Shore, the creator of House and the executive producer of The Good Doctor, wrote Thursday in a message to the guild’s members that the ATA “tells us that eliminating packaging fees won’t result in more money going to writers. Or to anyone; that it will just go back to the studio. That seems either naïve or disingenuous. The agencies have been able to get the studios to pay these fees in exchange for delivering us to the studios. The value of that service remains unchanged.
“But more than seeming wrong, I know it’s wrong. I insisted that a show I was developing not be packaged. And, as a direct result, I received control of the points that were normally allotted to the agencies. Furthermore, I have been able to increase my budget by an amount equal to an imputed packaging fee. That extra money now goes to the show, where it belongs, to use as we see fit, not to an agency.”
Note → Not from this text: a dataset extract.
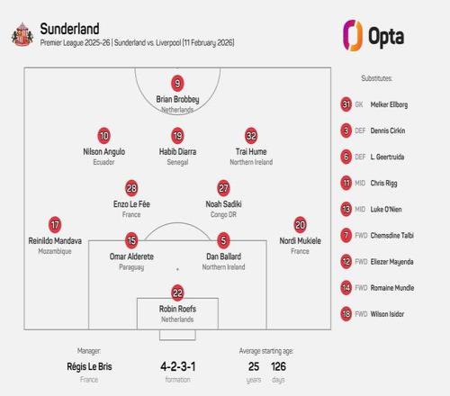 桑德蘭首發:22-羅埃夫斯、20-穆杰萊、5-巴拉德、15-阿爾德雷特、17-雷尼爾多、32-休姆、27-薩迪基、28-勒費埃、10-尼爾松-安古洛、19-哈比卜-迪亞拉、9-布羅貝伊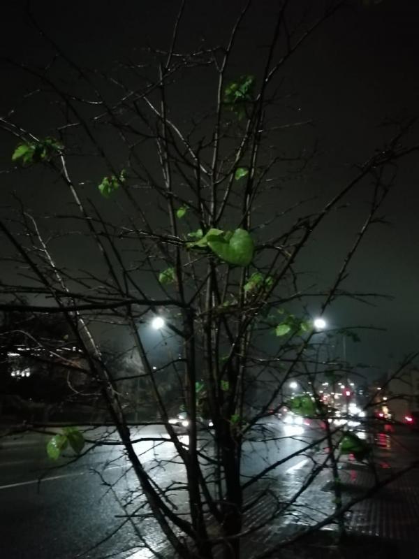 В Липецке ночью дождь со снегом и сильный ветер

The WGA presented the ATA with its proposals for a new agreement nearly a year ago, but the two sides have only met twice – on February 5 and February 19 – at the bargaining table. The guild and the ATA say they’re both ready to resume the stalled negotiations, but haven’t yet set a date.
The WGA East and West will hold a vote of their members on March 25, when guild members are expected to approve a new Code of Conduct that would ban packaging and agency production deals with related entities. If a new agreement isn’t reached with the ATA by April 6, the guild says it will order its members to fire their agents en mass who refuse to sign the Code.